Task description:
Would you print out all of the data exactly and keep the pictures out of it?

Input data:

##############################

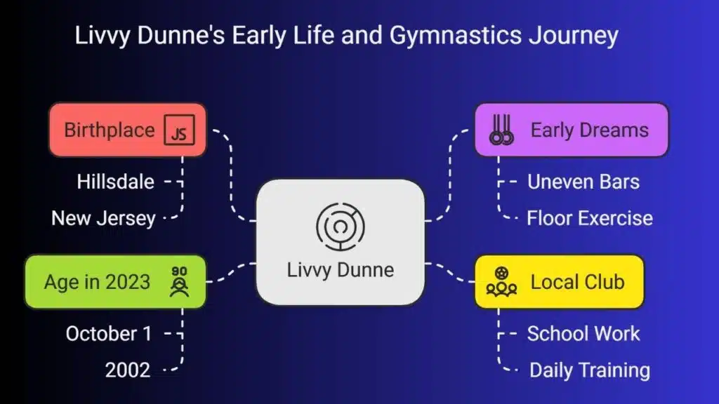 Olivia Dunne, called Livvy Dunne by many, was born in Hillsdale, New Jersey, on October 1, 2002. She hit age 21 in 2023. She nurtured early dreams, flipping on uneven bars and tackling floor exercise at small meets across New Jersey.
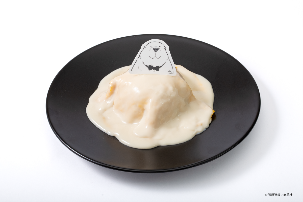 「ボンド風オムライス」 1,760円:オムライスに真っ白なクリームソースをかけて、もふもふなボンドを再現しました。
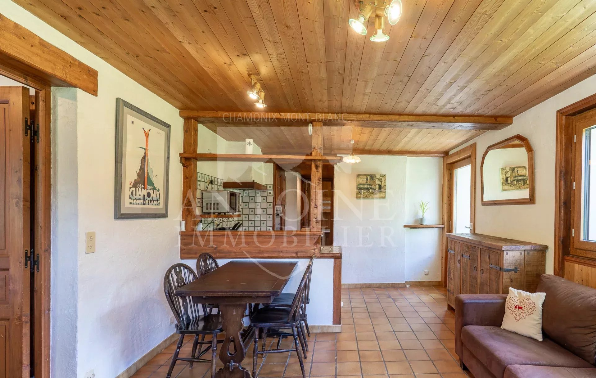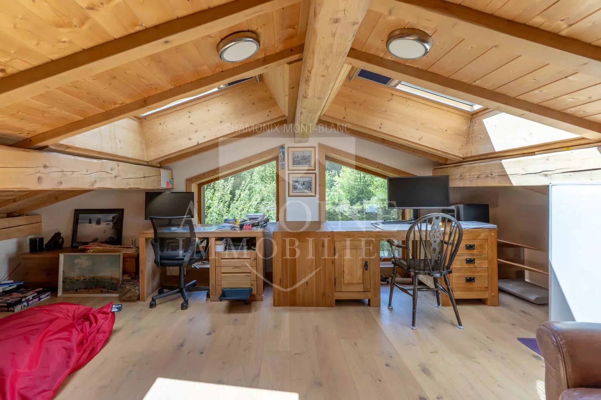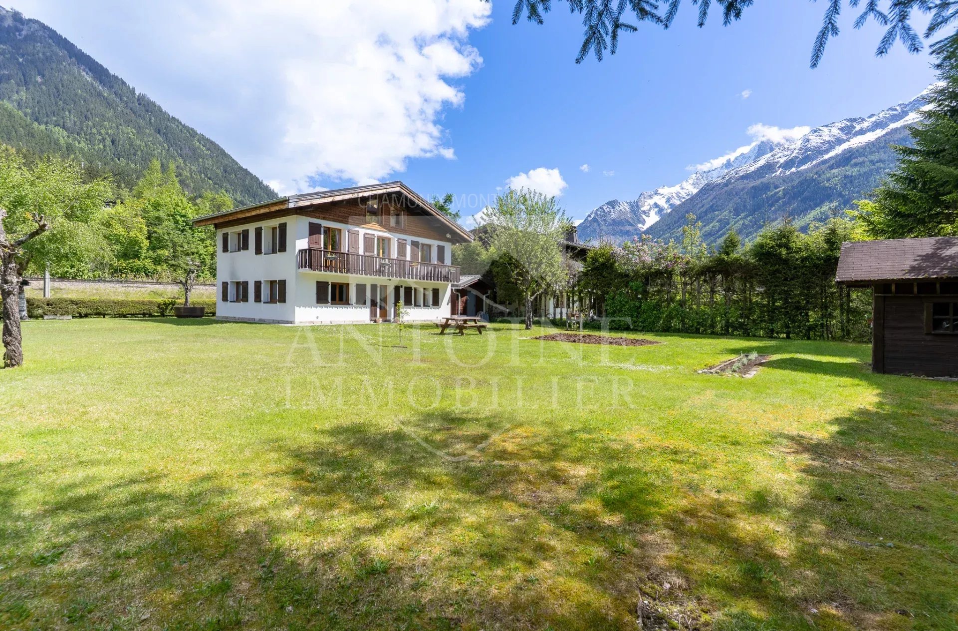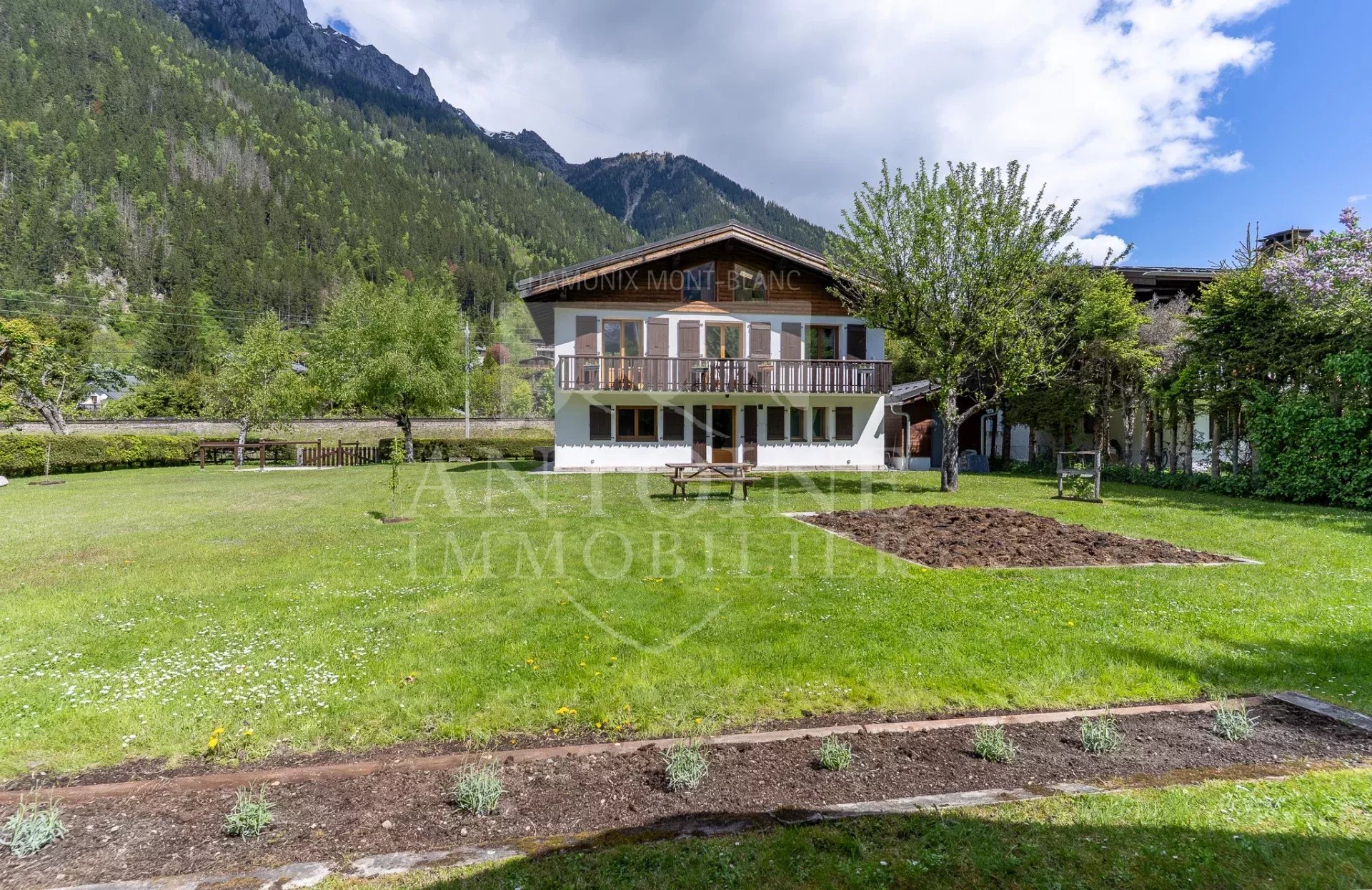 Rare opportunité à Chamonix : nichée dans un environnement calme et verdoyant à seulement un kilomètre de Chamonix, cette belle opportunité édifiée sur un terrain de 1 430 m2 accueille un chalet familial, un garage indépendant et un mazot. Entièrement clôturé, le terrain s'ouvre sur un portail élégant et un parvis en pierres de Luzerne menant au chalet édifié sur trois niveaux et parfaitement entretenu. Le rez de jardin abrite un appartement indépendant avec accès privatif de 40 m2 composé d'une entrée, d'un agréable séjour avec cuisine ouverte, une chambre double, d'un bureau, d'une salle d'eau et de WC. Cet espace de vie ouvre directement sur le jardin. Une salle de sport ainsi qu'une chaufferie/buanderie complètent ce niveau. A l'étage, la résidence principale offre un espace chaleureux et lumineux. On y découvre séjour avec une cuisine américaine moderne et entièrement équipée, trois chambres, une salle de bains, une salle d'eau. Ce niveau dispose d'un grand balcon orienté plein sud, offrant une vue imprenable sur la majestueuse chaine du Mont Blanc. Le dernier niveau sous combles forme un large volume de 48 m2 (surface partiellement en sous-pentes), baigné de lumière grâce à ses ouvertures en façade sud et à ses velux. Cet espace peut être utilisé en bureau, en chambre ou en salle de jeux selon vos besoins. Le chalet présente de très belles prestations : la toiture est neuve, les menuiseries récentes et de qualité, la VMC est à double flux. La surface totale du chalet est de 186 m2 incluant la salle de sports et la buanderie. Un garage récemment construit s'ajoute à cette propriété ainsi qu'un mazot (abri de jardin). Enfin, le jardin plat et arboré et bordé par la rivière L'Arve confère à la propriété une atmosphère bucolique et un charme rare dans ce secteur prisé de Chamonix.
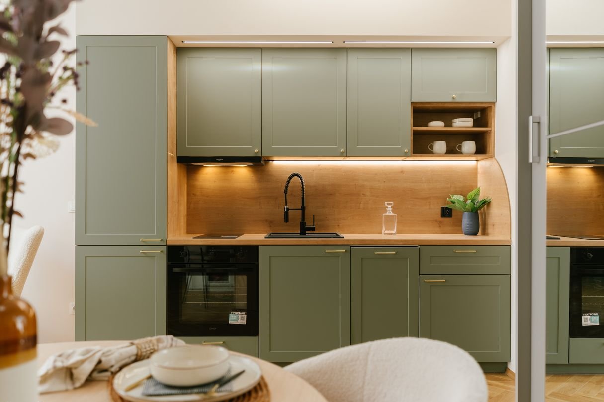 Kuchnia: Stylowa kuchnia w zielonym kolorze, wykonana z wysokiej jakości materiałów,

##############################

Your solution:
 Olivia Dunne, called Livvy Dunne by many, was born in Hillsdale, New Jersey, on October 1, 2002. She hit age 21 in 2023. She nurtured early dreams, flipping on uneven bars and tackling floor exercise at small meets across New Jersey.
 「ボンド風オムライス」 1,760円:オムライスに真っ白なクリームソースをかけて、もふもふなボンドを再現しました。
 Rare opportunité à Chamonix : nichée dans un environnement calme et verdoyant à seulement un kilomètre de Chamonix, cette belle opportunité édifiée sur un terrain de 1 430 m2 accueille un chalet familial, un garage indépendant et un mazot. Entièrement clôturé, le terrain s'ouvre sur un portail élégant et un parvis en pierres de Luzerne menant au chalet édifié sur trois niveaux et parfaitement entretenu. Le rez de jardin abrite un appartement indépendant avec accès privatif de 40 m2 composé d'une entrée, d'un agréable séjour avec cuisine ouverte, une chambre double, d'un bureau, d'une salle d'eau et de WC. Cet espace de vie ouvre directement sur le jardin. Une salle de sport ainsi qu'une chaufferie/buanderie complètent ce niveau. A l'étage, la résidence principale offre un espace chaleureux et lumineux. On y découvre séjour avec une cuisine américaine moderne et entièrement équipée, trois chambres, une salle de bains, une salle d'eau. Ce niveau dispose d'un grand balcon orienté plein sud, offrant une vue imprenable sur la majestueuse chaine du Mont Blanc. Le dernier niveau sous combles forme un large volume de 48 m2 (surface partiellement en sous-pentes), baigné de lumière grâce à ses ouvertures en façade sud et à ses velux. Cet espace peut être utilisé en bureau, en chambre ou en salle de jeux selon vos besoins. Le chalet présente de très belles prestations : la toiture est neuve, les menuiseries récentes et de qualité, la VMC est à double flux. La surface totale du chalet est de 186 m2 incluant la salle de sports et la buanderie. Un garage récemment construit s'ajoute à cette propriété ainsi qu'un mazot (abri de jardin). Enfin, le jardin plat et arboré et bordé par la rivière L'Arve confère à la propriété une atmosphère bucolique et un charme rare dans ce secteur prisé de Chamonix.
 Kuchnia: Stylowa kuchnia w zielonym kolorze, wykonana z wysokiej jakości materiałów,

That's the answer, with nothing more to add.